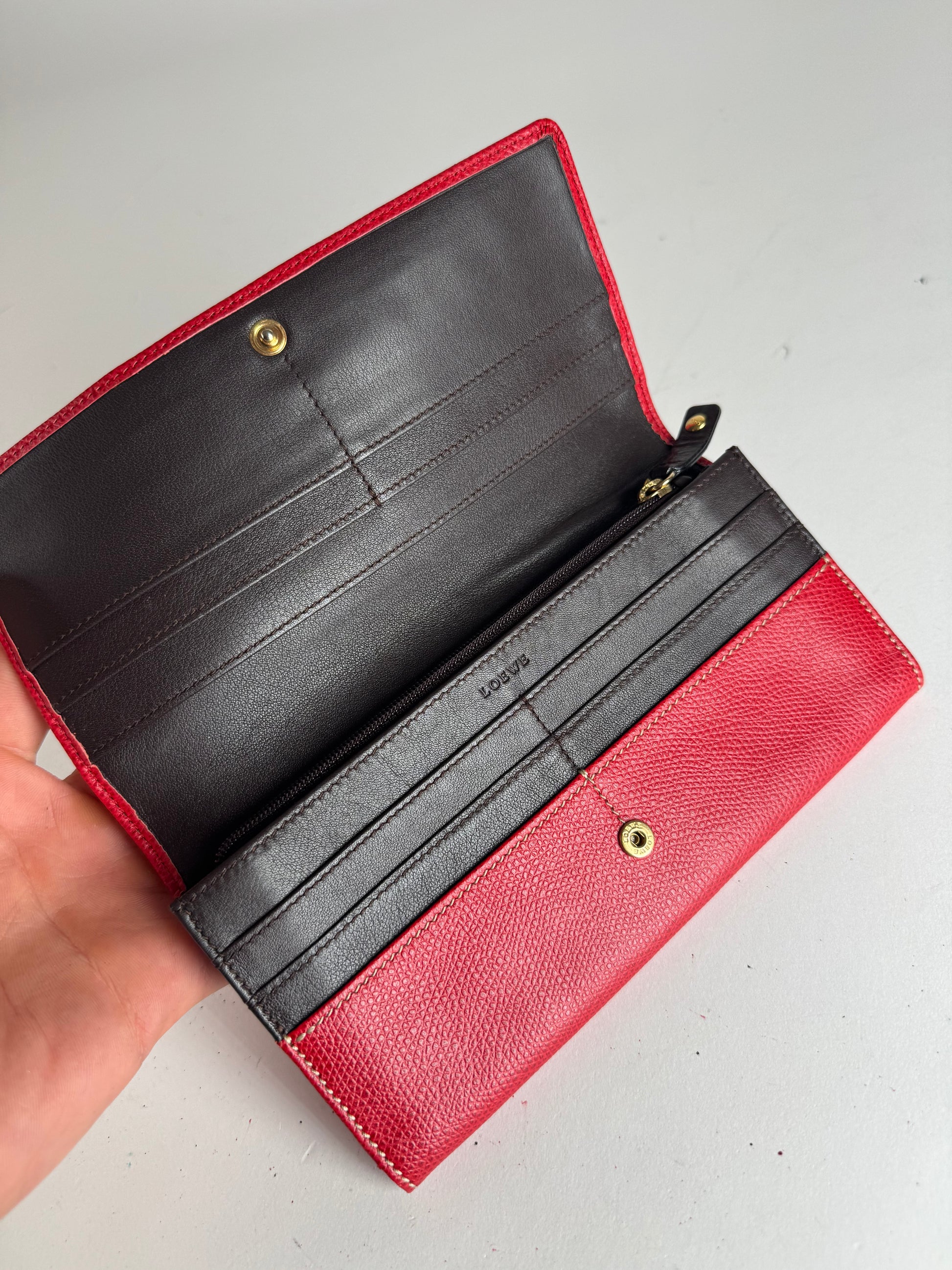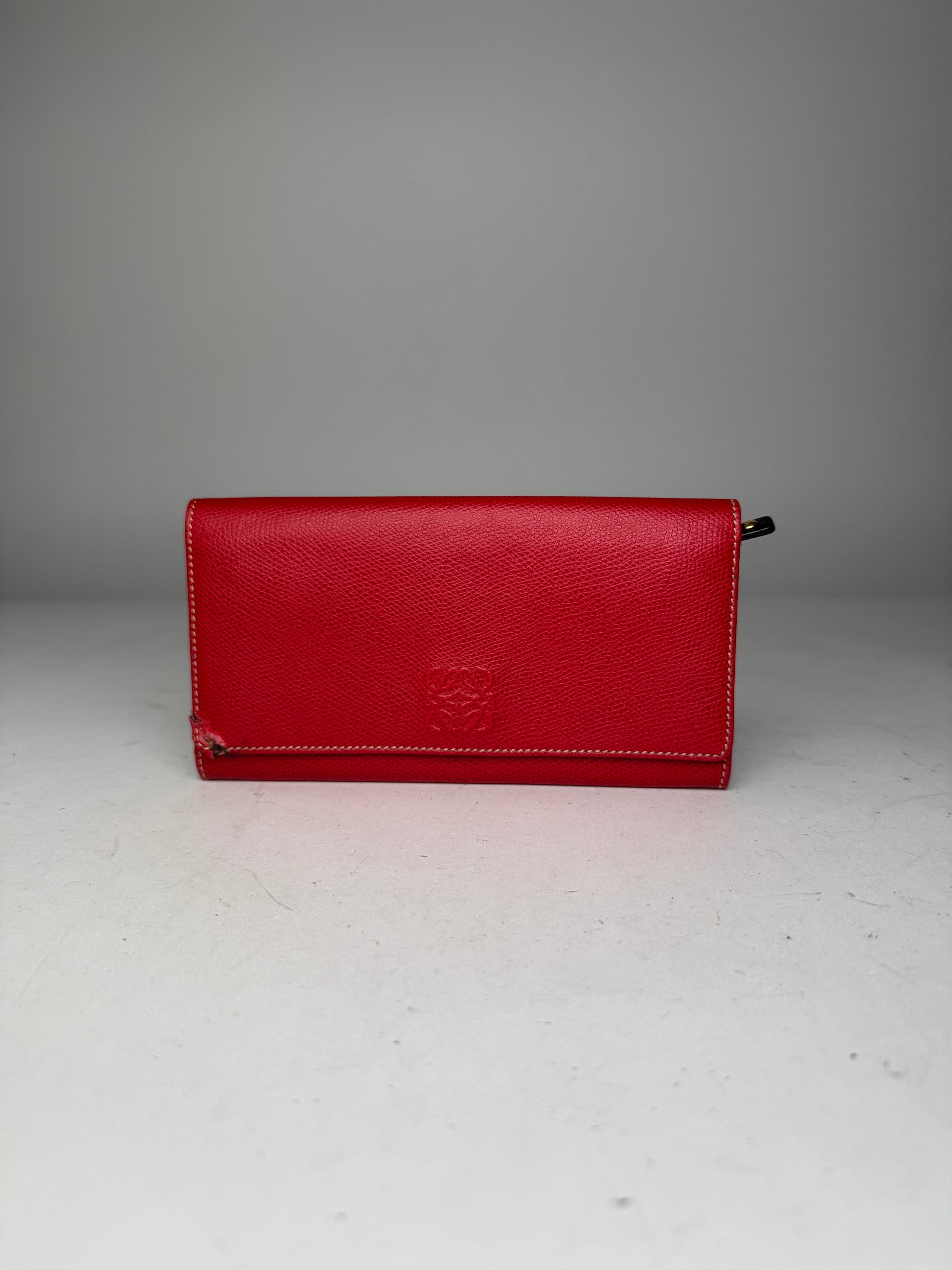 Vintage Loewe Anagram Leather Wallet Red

◆ ◆ ◆ ◆

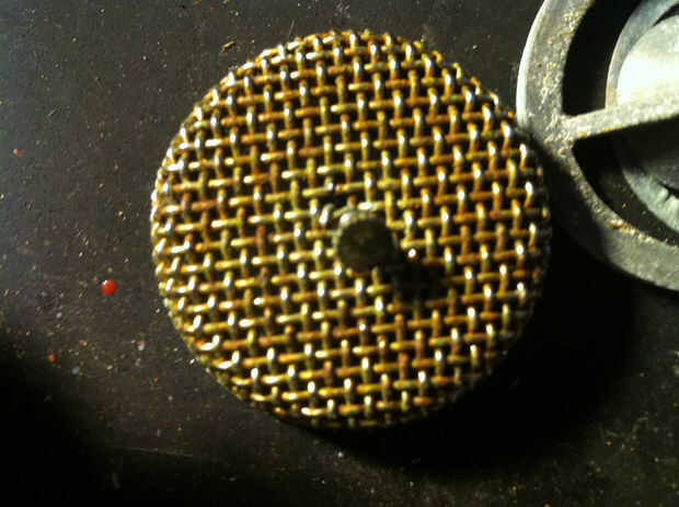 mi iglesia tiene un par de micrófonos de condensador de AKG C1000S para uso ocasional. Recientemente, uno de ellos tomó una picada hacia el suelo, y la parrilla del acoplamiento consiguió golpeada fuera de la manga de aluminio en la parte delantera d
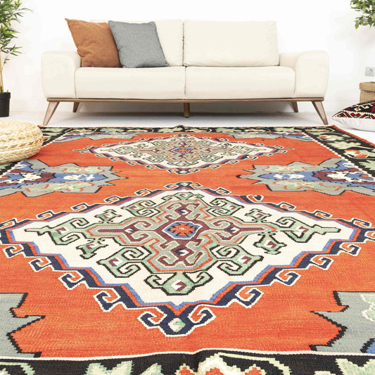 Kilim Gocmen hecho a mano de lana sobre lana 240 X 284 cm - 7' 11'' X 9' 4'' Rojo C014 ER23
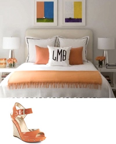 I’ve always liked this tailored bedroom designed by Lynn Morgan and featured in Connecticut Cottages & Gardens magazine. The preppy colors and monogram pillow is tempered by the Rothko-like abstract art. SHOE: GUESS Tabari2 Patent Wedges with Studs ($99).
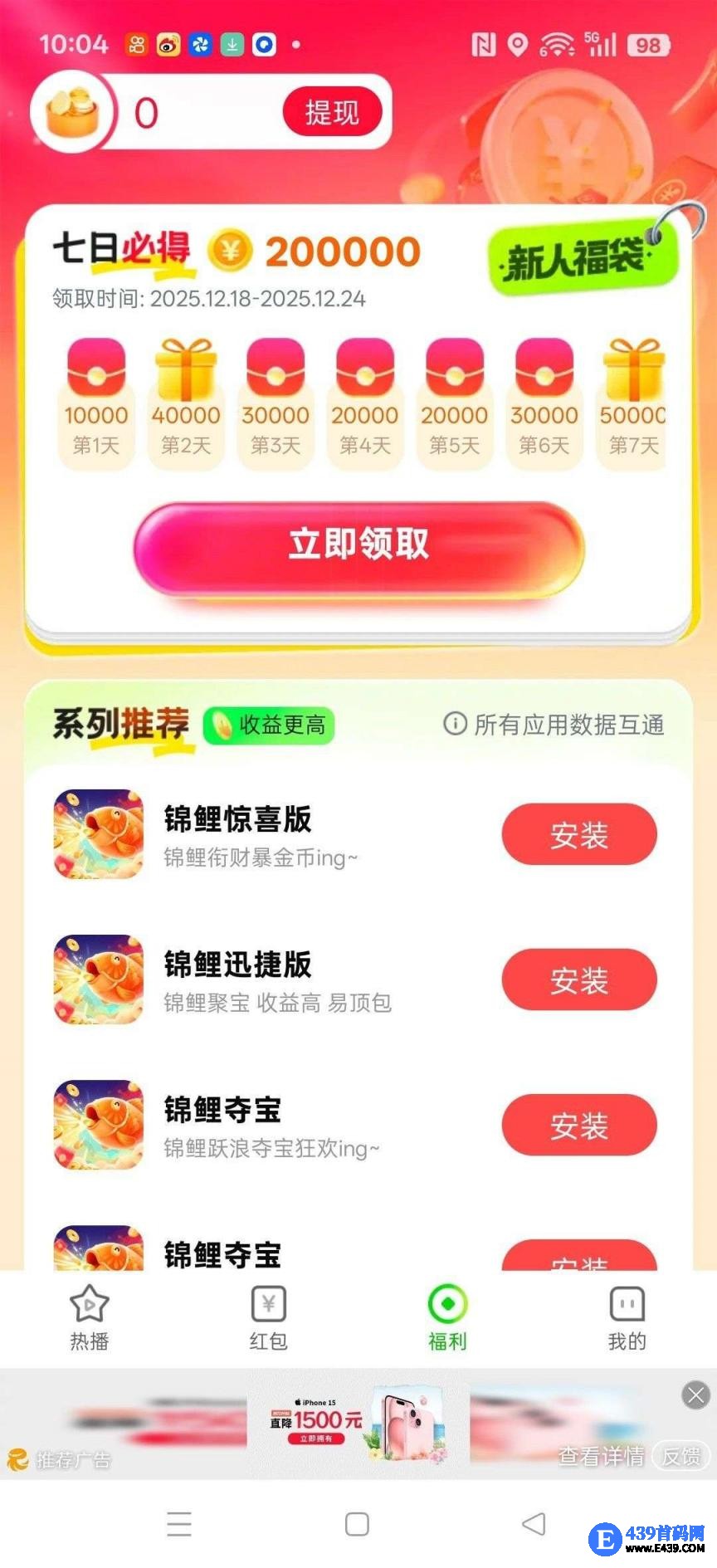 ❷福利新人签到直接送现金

◆ ◆ ◆ ◆

The reply should hold exactly the lines above, starting at the line with "Kilim Gocmen hecho" and ending at the line with "❷福利新人签到直接送现金", and no pictures.

 Kilim Gocmen hecho a mano de lana sobre lana 240 X 284 cm - 7' 11'' X 9' 4'' Rojo C014 ER23
 I’ve always liked this tailored bedroom designed by Lynn Morgan and featured in Connecticut Cottages & Gardens magazine. The preppy colors and monogram pillow is tempered by the Rothko-like abstract art. SHOE: GUESS Tabari2 Patent Wedges with Studs ($99).
 ❷福利新人签到直接送现金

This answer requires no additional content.